We use 3 intermediate signals RGB to save image data
and a Finite state machine for reading RGB888 data from memory and creating horizontal synchronization and vertical synchronization pulses.
* 📍 write_data: In this module we will write the image (the processed image) into
a bitmap image.
📌 Note: If you you change the image size, you'll have to change the bmp header. [More info](http://www.fastgraph.com/help/bmp_header_format.html).
### Grayscale
Grayscaling is the process of converting an image from other color spaces to shades of gray. It varies between complete black and complete white. An RGB image can be viewed as three images( a red scale image, a green scale image and a blue scale image). Each pixel has three different
components which are red, green and blue. Average method is the most simple one to convert an color image into a grayscale image. You just have to take the average of three colors.

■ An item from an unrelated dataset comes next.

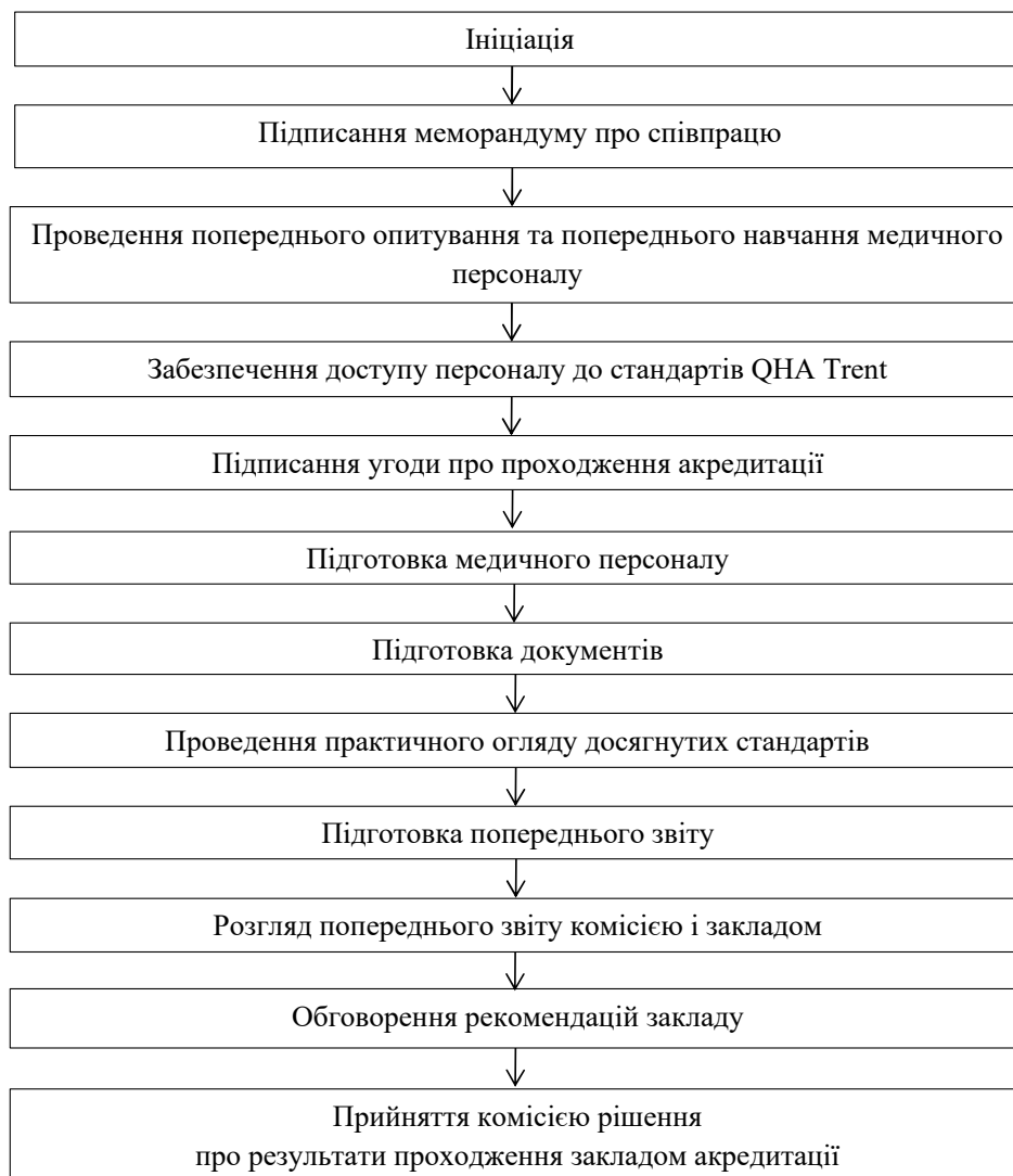
Рис. 3. Процедура проведення акредитації за стандартами QHA Trent

4. У Канаді існує система Accreditation Canada International (Міжнародна Канадська система акре-

Since its an RGB image, so it means that you have add r with g with b and then divide it by 3 to get your desired grayscale image.
## Dependencies
This project needs [Xlinx ISE](https://en.wikipedia.org/wiki/Xilinx_ISE).
### Building on Windows 10
1. Download Xilinx ISE from [here](https://www.xilinx.com/support/download/index.html/content/xilinx/en/downloadNav/vivado-design-tools/archive-ise.html).
2. Clone the repository.
3. Simulate the design in hdl folder. (You you need to run 6ms in simulation).
4. Now you see that the output image will be available.
### TODO
- ⭕ Add threshold filter